Richard Landes, former professor of history at Boston University, blogger, and long-time commentator on Middle East affairs, has just published a twenty-minute video, “Everyone Knows,” about media coverage of the Israeli-Palestinian conflict. Andrew Pessin, professor of philosophy at Connecticut College, interviews him about the film.
Can you describe the project?
The idea behind the project was that the video news media regularly make serious errors with their coverage of the Middle East, especially of the Arab-Israeli conflict, where they systematically run what is really Palestinian war propaganda as news—a form of what I like to call “lethal journalism.” A prime example of this dates way back to the infamous Al Durah affair in 2000, when reports of the alleged killing of a young Palestinian boy by IDF troops spread around the world as if factual, doing untold damage to Israel, to Palestinians who wanted peace, and to Jews worldwide. But the problem is ongoing, and to really get a sense of how bad mainstream media coverage is in general, you need to look at the long-term overview as well as the occasional howler. To that end I’ve been recording CNN International and BBC Global, among other sources, for almost a decade now.
What motivated you to put this video together at this time?
I have been tinkering with it for years while working on various other projects, but the astonishing media coverage of the notorious 2016 U.N. Security Council resolution permitted by President Obama and the subsequent John Kerry speech criticizing Israel was finally an irresistible target—the perfect combination of mindless pack journalism repeating simplistic Palestinian propaganda talking points, combined with reckless negligence in handling bona fide Israeli claims, and a complete failure to report what Palestinians actually and regularly say quite openly to each other in Arabic. Granted, it wasn’t the kind of open lethal journalism of the early aughts (e.g. Al Durah or the coverage of the alleged “Jenin massacre” in 2002) where the media ran terrible and dishonest Palestinian accusations as news, but rather a more insidious kind, in which they repeatedly hammer away with Palestinian misinformation as if “the whole world” agreed.
Who are you hoping to reach with the film?
Unfortunately I think too few people appreciate just how far off the path of accuracy and integrity allegedly “respected” reporters and networks are capable of straying. Mainstream journalists sometimes boast about “bearing witness” to their times; I, and I hope many others will, criticize them when they (all too often) bear false witness. To that end, I’m hoping to reach a wide variety of people with this film:
- Those concerned about media integrity in general, including the phenomenon of “fake news”

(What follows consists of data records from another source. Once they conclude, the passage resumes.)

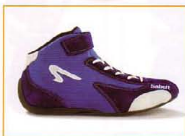
K131330 BLU ROYAL/ROYAL BLUE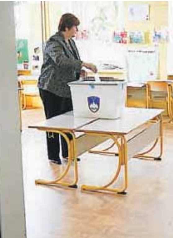
Glasovanje na referendumu o družinskem zakoniku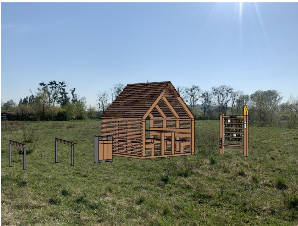
Obr.č.8.-Pozemek s parcelním číslem 4681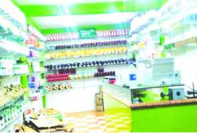
కార్యక్రమంలో కంపెనీ ప్రతినిధులు స్థానిక ప్రొడక్ట్ వినియోగదారులు తదితరులు పాల్గొన్నారు.

పాడేరు : ఆరోగ్యకరమైన నిత్యవసర వస్తువులు ఐ ఎం సి ప్రొడక్ట్ మార్కెటింగ్ విక్రయాల కేంద్రాన్ని స్థానిక సుబ్బారావు షాపింగ్ కాంప్లెక్స్ వద్ద మంగళవారం ప్రారంభించారు. ఐ ఎం సి ప్రొడక్ట్ నిత్యావసర వస్తువులు విక్రయాల కేంద్రం వద్ద వినియోగదారుల అందుబాటులో ఉంటుందన్నారు. ఐ ఎం సి వస్తువులు, ఆరోగ్యకరమైన ఆయుర్వేద ప్రొడక్ట్ ప్రతి ఒక్కరు, గృహాల్లో వాడుకోవచ్చున్నారు. ఐఎంసి ప్రొడక్టు వినియోగించటం వలన మనిషి సంపూర్ణ ఆరోగ్యంగా జీవించడానికి ఉపయోగ పడుతుంది. కేంద్రం వద్ద పలు రకాల ప్రొడక్ట్ లు అందుబాటులో ఉన్నాయన్నారు. ఐ ఎం సి పూర్తిగా ప్రకృతి ఆయుర్వేద వసమూలికలతో తయారైన ప్రొడక్టులన్నారు. ప్రొడక్టు వినియోగం వలన ఆరోగ్యదాయకం గా ఉండాలని కంపెనీ యజమానులు పేర్కొన్నారు. ఈ ప్రొడక్ట్ వినియోగం వల్ల ఎటువంటి సైడ్ ఎఫ్ఫెక్ట్ ఉండవని వారు తెలిపారు. ఈ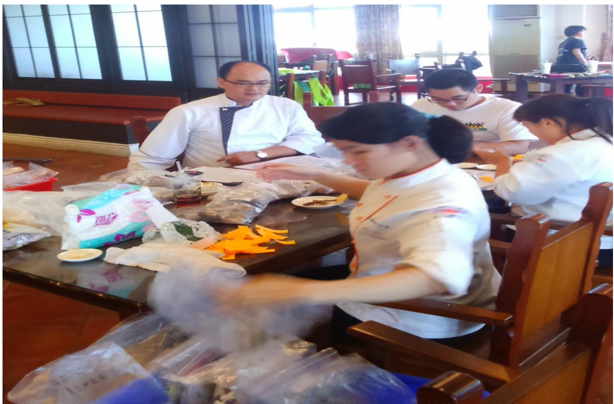
說明：老師帶領學生操作之情形(二)

- Students of journalism and teachers/professors willing to discuss, even teach, a serious critique of current Middle East journalism in particular
- Reading and discussion groups who want to deal honestly with the Middle East
- Students on Western campuses who feel great sympathy for the Palestinian cause but who, due to media failures, fail to grasp just how extreme the true Palestinian perspective is
- Those individuals who are pro-Israel but who may still not realize not merely how bad the media situation is but how dangerous it is (for example in promoting global antisemitism)
- Anyone concerned about the possibility that “lethal journalism” that targets Israel may also be what I like to call “own-goal war journalism” (i.e. reporting your own enemy war propaganda as news), that targets the West in general
- Savvy independents in cyberspace who appreciate revelations of foolish hypocrisy
The trigger event for this video took place at the end of the Obama administration. Does it remain relevant under the new administration?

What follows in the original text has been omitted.